DATA SHOWN below:

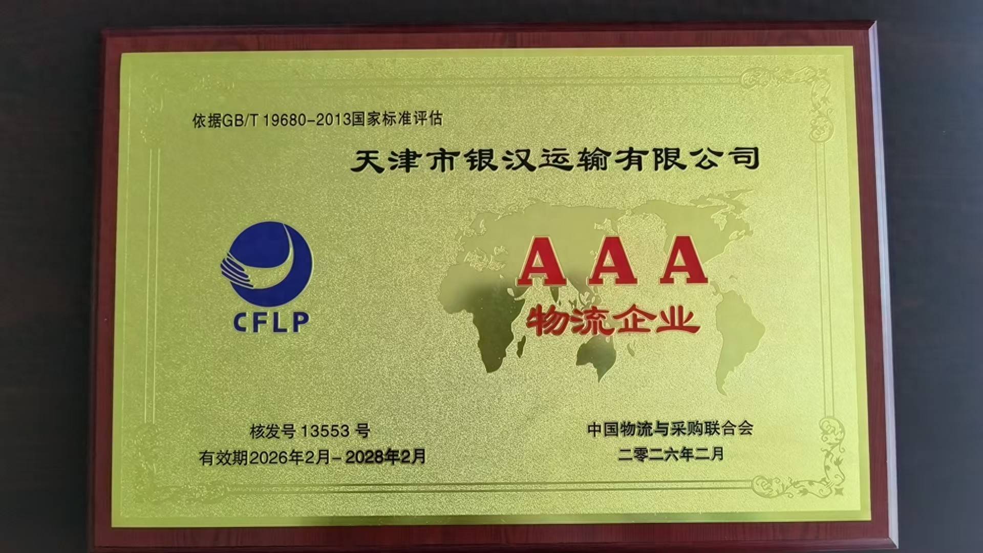 日前,全国第41批A级物流企业评估结果正式公布,天津市银汉运输有限公司凭借雄厚的综合实力、完善的服务体系、规范的运营管理、领先的数字化水平与优异的市场口碑成功上榜,获评国家 3A 级物流企业 。经权威机构严格审核评定,公司在经营规模、设施设备、人员素质、服务质量、信息化建设等关键指标全面达标,均符合《物流企业分类与评估指标》(GB/T 19680-2013)国家公告标准,企业规范化、专业化发展再获国家级权威认可。
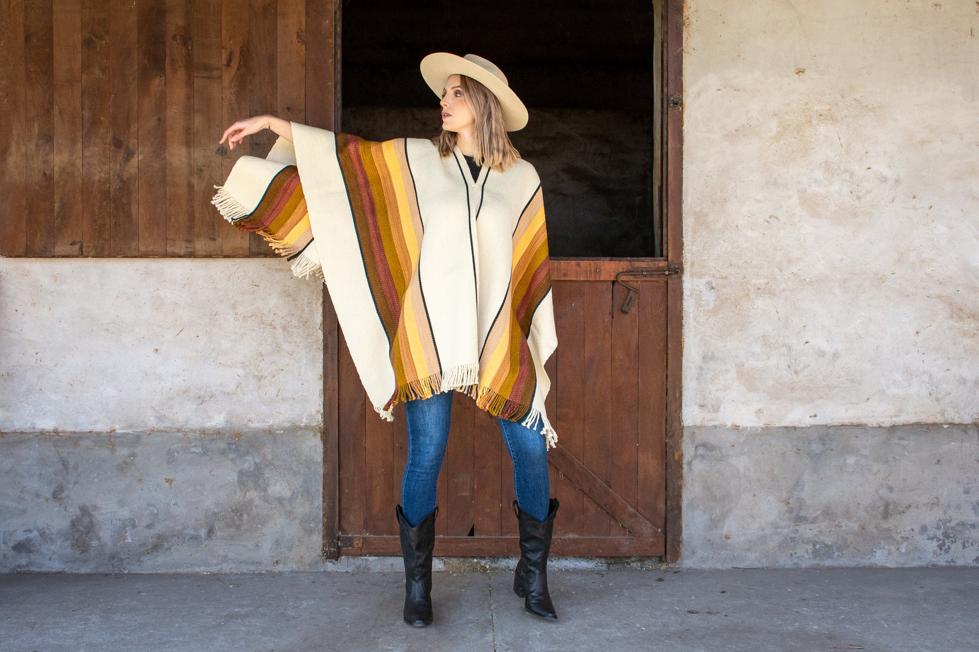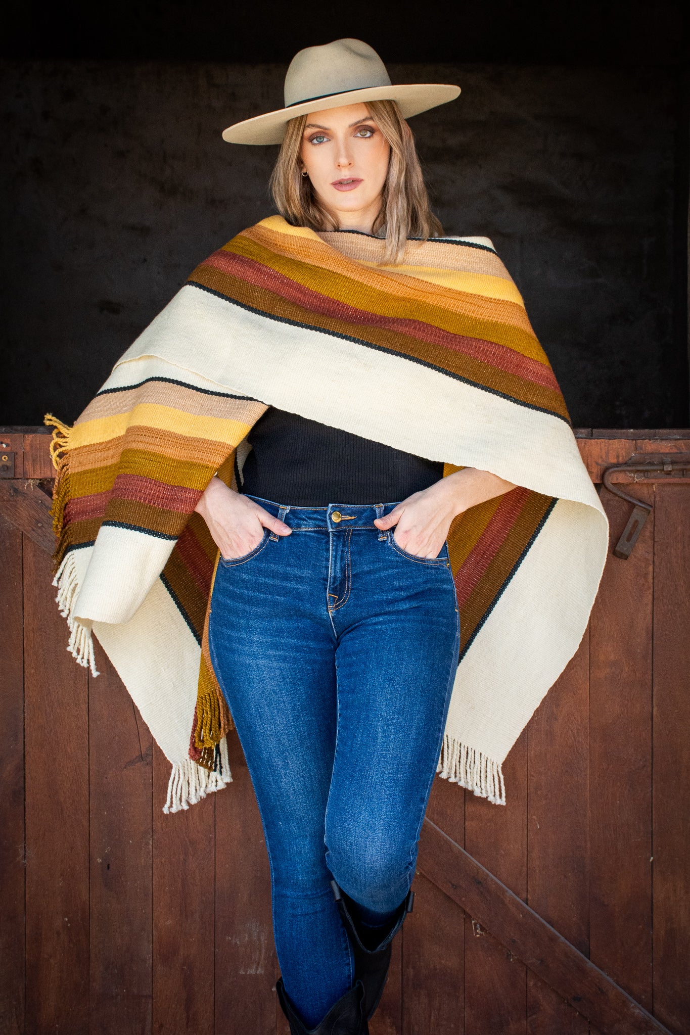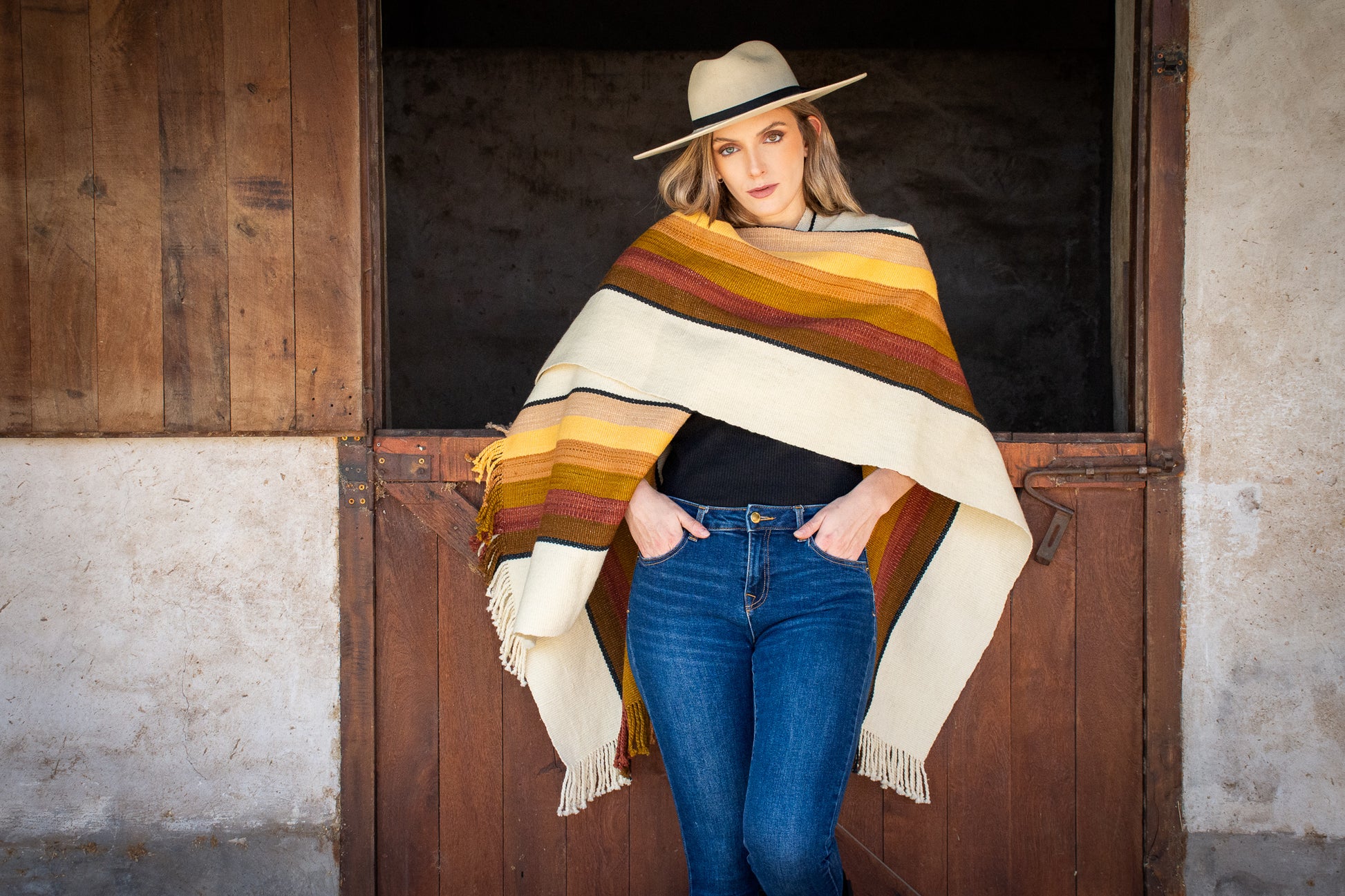 The poncho is a unique piece woven by hand with sheep wool threads on a Creole loom , with a high density of closed weft and light weight.
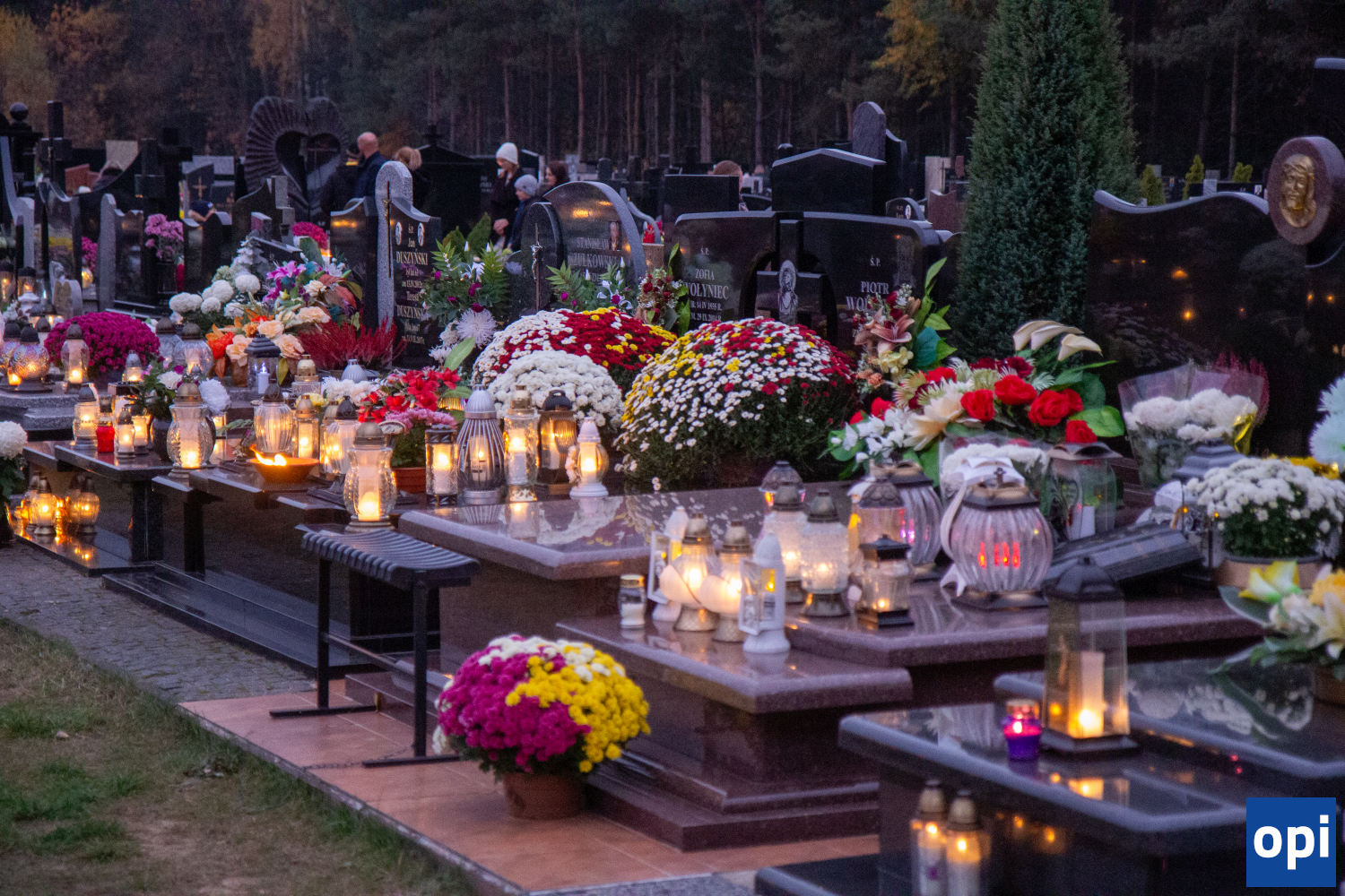 Cmentarz komunalny przy ul. Wiśniowej. Galeria przedstawia znicze, pamiątki i kwiaty, którymi upamiętniono zmarłych.
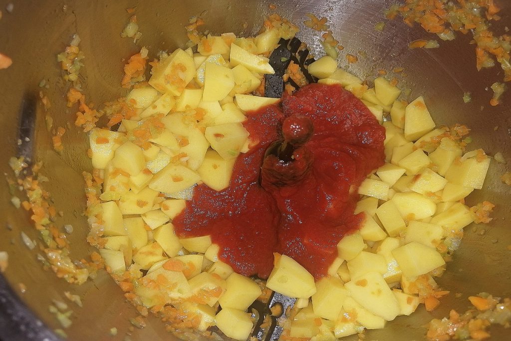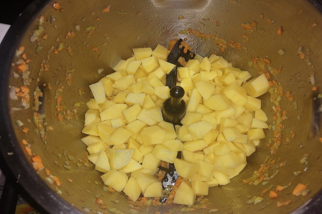 • Add the diced potatoes, stir, and let them season for a few minutes.
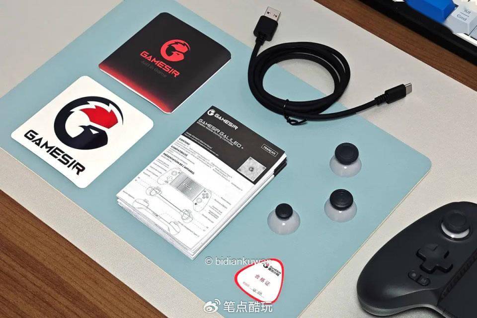 配件全家福:除箱说外,主要包括一根USB-A to C数据线和3个可替换摇杆帽。线缆可供充电或连电脑(有线模式接PC)。盖世小鸡G8+没有标配2.4G无线适配器,因此想用无线模式连电脑的话,需要另行购买。
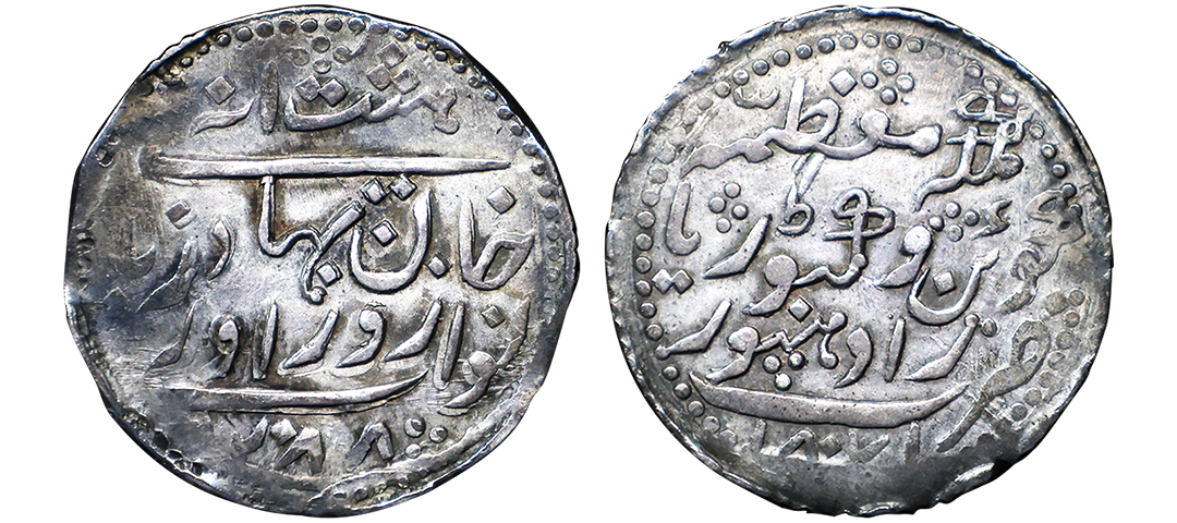 Patiala, Bhupinder Singh( VS 1958-1994, 1900-1937 AD), Gold 1/3 Mohur, 3.61 gms, VS(19)58, in the name of Ahmad Shah Durrani, Katar on reverse with date (19)58, KM #15, extremely fine, very rare.
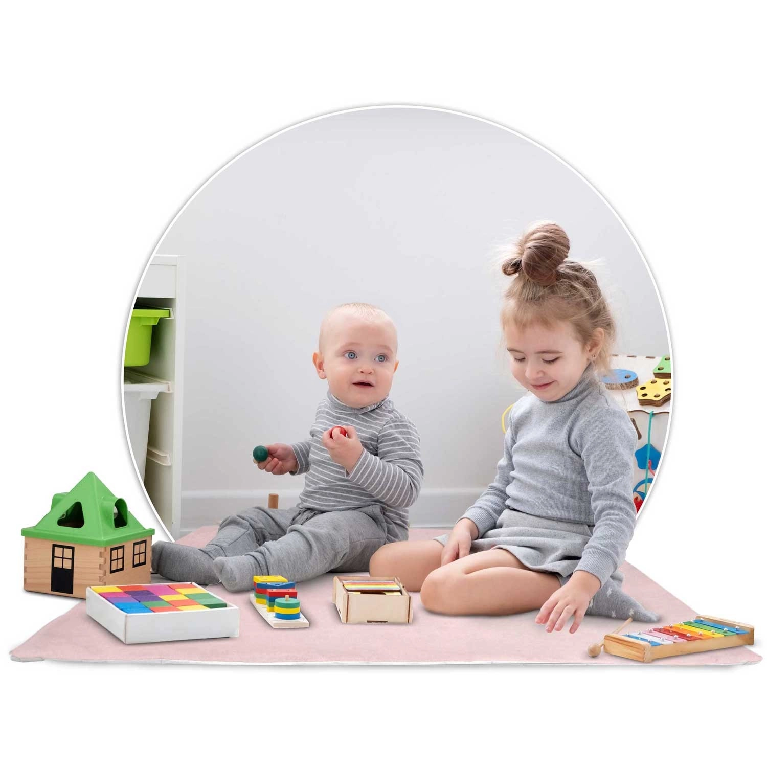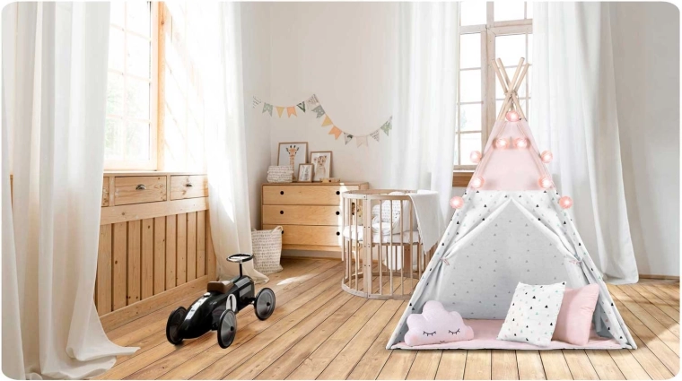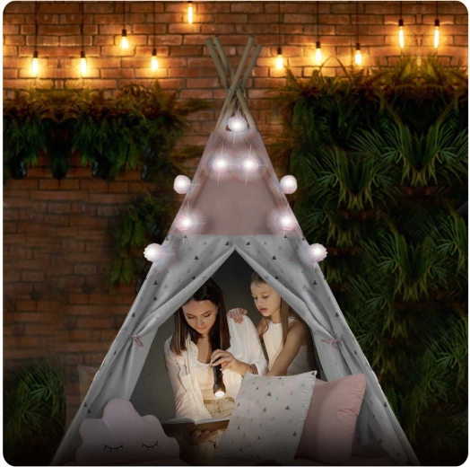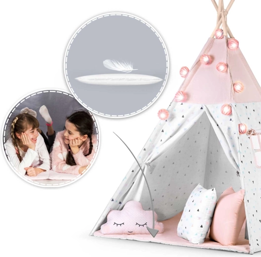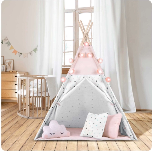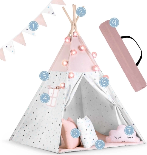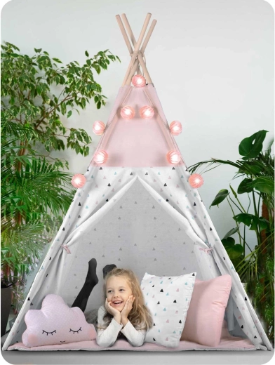 Im Lieferumfang enthalten sind 3 dekorative Kissen, eine weiche isolierende Unterlage mit Rutschschutz, eine Girlande, eine Lichterkette und eine Tasche. Alles, was Sie brauchen, um im Handumdrehen eine zauberhafte Spielecke zu schaffen.

End of DATA SHOWN.

• _WHAT IS REQUIRED_
Write each line exactly as it appears, from the line that holds "The poncho is" through the closing line of the data above, and leave every picture out.

• _ANSWER SPACE_
 The poncho is a unique piece woven by hand with sheep wool threads on a Creole loom , with a high density of closed weft and light weight.
 Cmentarz komunalny przy ul. Wiśniowej. Galeria przedstawia znicze, pamiątki i kwiaty, którymi upamiętniono zmarłych.
 • Add the diced potatoes, stir, and let them season for a few minutes.
 配件全家福:除箱说外,主要包括一根USB-A to C数据线和3个可替换摇杆帽。线缆可供充电或连电脑(有线模式接PC)。盖世小鸡G8+没有标配2.4G无线适配器,因此想用无线模式连电脑的话,需要另行购买。
 Patiala, Bhupinder Singh( VS 1958-1994, 1900-1937 AD), Gold 1/3 Mohur, 3.61 gms, VS(19)58, in the name of Ahmad Shah Durrani, Katar on reverse with date (19)58, KM #15, extremely fine, very rare.
 Im Lieferumfang enthalten sind 3 dekorative Kissen, eine weiche isolierende Unterlage mit Rutschschutz, eine Girlande, eine Lichterkette und eine Tasche. Alles, was Sie brauchen, um im Handumdrehen eine zauberhafte Spielecke zu schaffen.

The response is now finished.